(169,256)

Yes n = 256 and m = 169 Confirm

Yeah , got the same but did a lot of caseworks

me too bro me too, I proved $n \leq 36^2$ and then bashed out all the cases

everythingpi3141592 wrote: me too bro me too, I proved $n \leq 36^2$ and then bashed out all the cases I did exactly the same thing lol

everythingpi3141592 wrote: me too bro me too, I proved $n \leq 36^2$ and then bashed out all the cases But $ n \leq 1296 \implies s(n) \leq 27 \implies m \leq 729 \implies s(m) \leq 24 \implies n \leq 576 \implies s(n) \leq 23 \implies m \leq 529$ 13 less cases to bash

Here's a different kind of solution from my side.

Note that we hardly have to deal with any casework here.

s(n) for a four digit square <31 by observation m<961 => n < 1000 and similarly we can do for n>10000. So n<1000 Then bash n<1000 to get the answer.

everythingpi3141592 wrote: me too bro me too, I proved $n \leq 36^2$ and then bashed out all the cases Umm, like how is $n \leq 36^2$?

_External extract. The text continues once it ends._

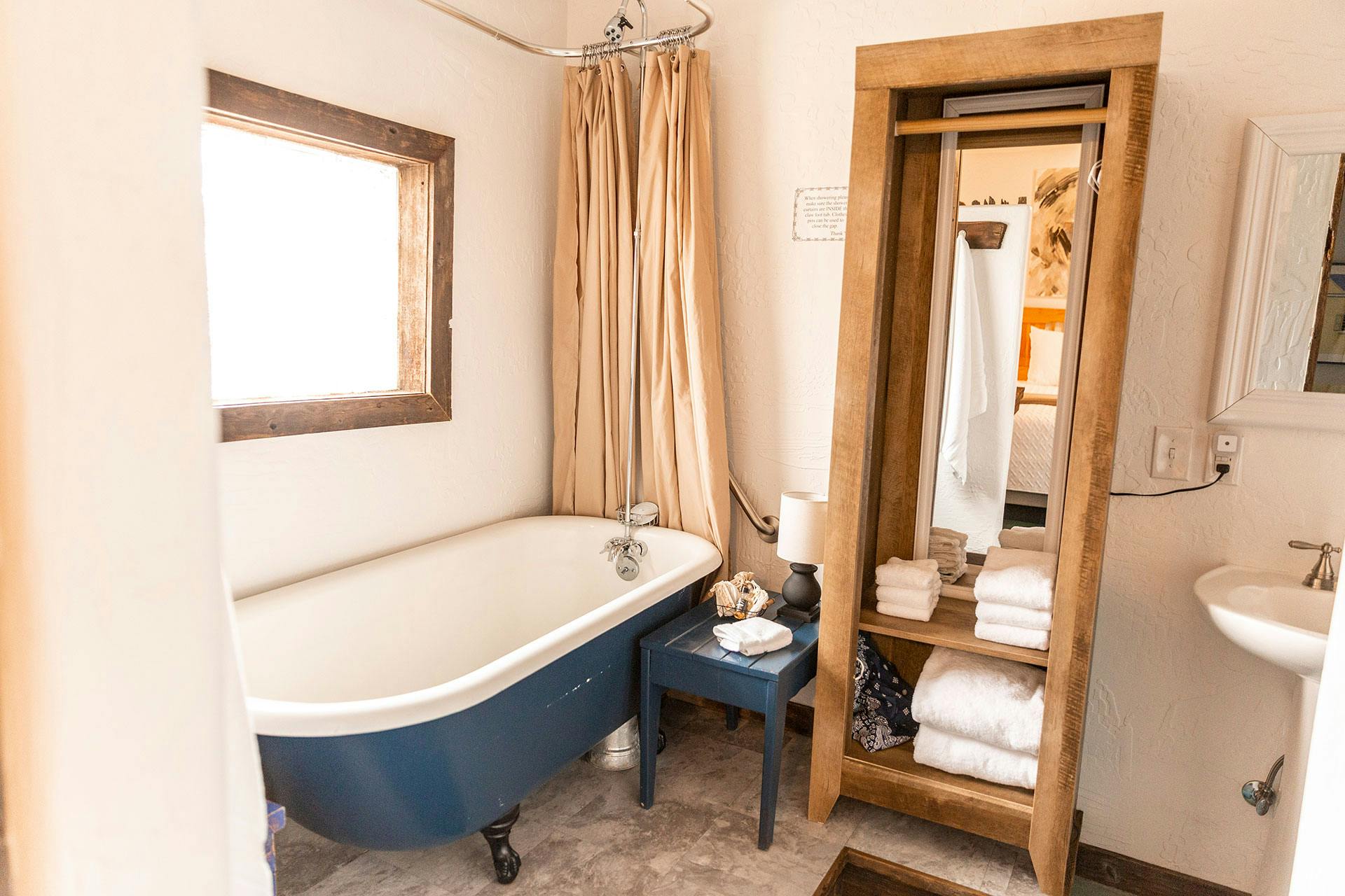 Hemphill County's other river, the Washita, is the nexus of our cowboy and Indian heritage, home first to the Kiowa and Comanche, then the Calvary on the old Military trail, followed by the earliest ranchers. the room's art reflects the peaceof the meandering river, the wild country surrounding it and the inevitable clash of cultures, while providing all the comforts of and old-time ranch house. The authenic ranch oad king bed is made up with luxury linens, while locally crafted Soak Yer Bones bath salts and the old fashioned cast iron soaking tub, invite you to get out of the saddle and relax a while.

Sol:-Suppose $n$ has $r$ digits. $s(m) \geq 10^{\frac{r}{2}} \implies s(n)^2=m \geq 10^{\frac{10^{r/2}}{9}} \implies 9r \geq s(n) \geq 10^{\frac{10^{r/2}}{18}} \implies r \leq 3$.So $m,n$ are perfect squares which have atmost $3$ digits which implies $s(m),s(n) \leq 27$ and hence $m,n \in \{1^2,2^2,...,27^2\}$. Also note that the highest sum of digits in this set is $19$. So $m,n \in \{1^2,2^2,...,19^2\}$ If $3|m$ then $9|m$ since $m$ is perfect square and then $9|s(m)$ since $m \equiv s(m) \pmod 9$ which implies $81|n$ and hence $9|s(n)$ which implies $81|m$. Similarly if $3|n$ then $81|m , 81|n$. In such case the only possibility is $(m,n)=(9,18)$ which clearly doesn't satisfy the equation. So $m,n \in \{1^2,2^2,4^2,5^2,...,17^2,19^2\}$.Now we could just make a table as follows:- \begin{tabular}{ |c|c|c|c|c|c| } \hline $s(n)$&$m=s(n)^2$ & $s(m)$ & $n=s(m)^2$ & $s(n)$ \\ \hline 1 & 1 & 1 & 1 & 1 \\ 2 & 4 & 4 & 16 & 7 \\ 4 & 16 & 7 & 49 & 13 \\ 5 & 25 & 7 & 49 & 13 \\ 7 & 49 & 13 & 169 & 16 \\ 8 & 64 & 10 & 100 & 1 \\ 10 & 100 & 1 & 1 & 1 \\ 11 & 121 & 4 & 16 & 7 \\ 13 & 169 & 16 & 256 & 13 \\ 14 & 196 & 16 & 256 & 13 \\ 16 & 256 & 13 & 169 & 16 \\ 17 & 289 & 19 & 361 & 10 \\ 19 & 361 & 10 & 100 & 1 \\ \hline \end{tabular}We can observe that only $3$ rows are non absurd out of which $m<n$ is only satisfied by $(m,n)=(169,256)$.

I have discussed this question in my RMO 2023 video on my channel "little fermat". Here is the Video

polynomialian wrote: s(n) for a four digit square <31 by observation m<961 => n < 1000 and similarly we can do for n>10000. So n<1000 Then bash n<1000 to get the answer. how many marks did you get for writing this solution? in the exam.

guruguha9 wrote: polynomialian wrote: s(n) for a four digit square <31 by observation m<961 => n < 1000 and similarly we can do for n>10000. So n<1000 Then bash n<1000 to get the answer. how many marks did you get for writing this solution? in the exam?